■ TASK INSTRUCTIONS: Reproduce the entries shown below only from the line with "圖為迪拜海底世界主題公園內一個身著圣誕老人服裝的飼養(yǎng)員在水中喂食。" down to the line with "筑後川の堤防一帯の水田地帯が", keeping both end lines and copying each one exactly.

[[ EXCERPTED DATA open ]]

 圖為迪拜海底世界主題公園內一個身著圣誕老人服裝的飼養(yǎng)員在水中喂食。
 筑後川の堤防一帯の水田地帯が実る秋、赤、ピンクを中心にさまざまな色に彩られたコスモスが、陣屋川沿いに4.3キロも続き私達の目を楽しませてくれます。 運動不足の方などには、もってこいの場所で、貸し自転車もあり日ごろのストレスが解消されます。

[[ EXCERPTED DATA closed ]]
[[ EXCERPTED DATA open ]]

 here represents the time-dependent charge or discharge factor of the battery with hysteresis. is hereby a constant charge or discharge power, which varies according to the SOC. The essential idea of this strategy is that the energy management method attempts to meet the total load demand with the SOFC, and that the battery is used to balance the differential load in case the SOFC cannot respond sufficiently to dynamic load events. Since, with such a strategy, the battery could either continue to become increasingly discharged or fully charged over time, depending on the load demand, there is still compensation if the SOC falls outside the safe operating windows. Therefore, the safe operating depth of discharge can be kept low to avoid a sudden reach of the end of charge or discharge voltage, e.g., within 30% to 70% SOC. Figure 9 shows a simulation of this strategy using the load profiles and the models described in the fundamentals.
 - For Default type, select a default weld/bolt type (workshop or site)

[[ EXCERPTED DATA closed ]]
[[ EXCERPTED DATA open ]]

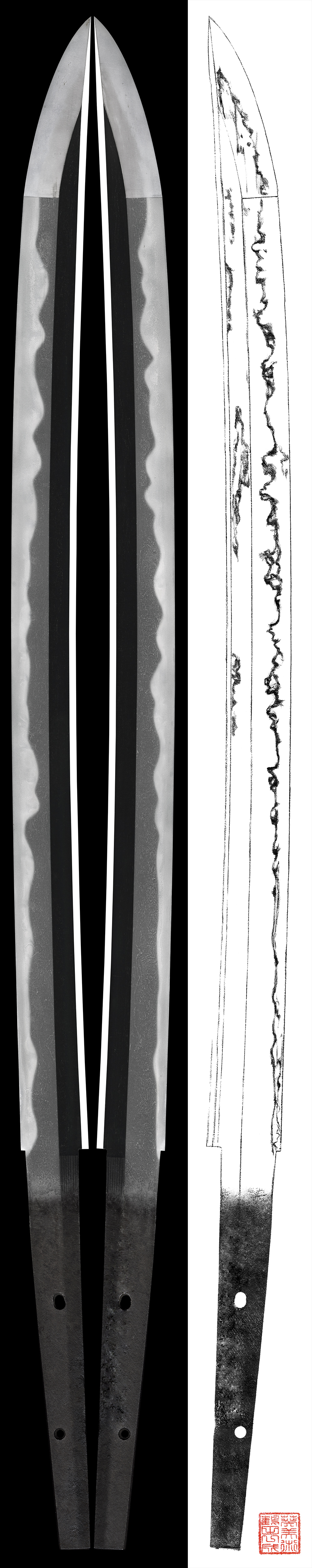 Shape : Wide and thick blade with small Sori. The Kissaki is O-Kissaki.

[[ EXCERPTED DATA closed ]]

■ EXERCISE ANSWER:
 圖為迪拜海底世界主題公園內一個身著圣誕老人服裝的飼養(yǎng)員在水中喂食。
 筑後川の堤防一帯の水田地帯が実る秋、赤、ピンクを中心にさまざまな色に彩られたコスモスが、陣屋川沿いに4.3キロも続き私達の目を楽しませてくれます。 運動不足の方などには、もってこいの場所で、貸し自転車もあり日ごろのストレスが解消されます。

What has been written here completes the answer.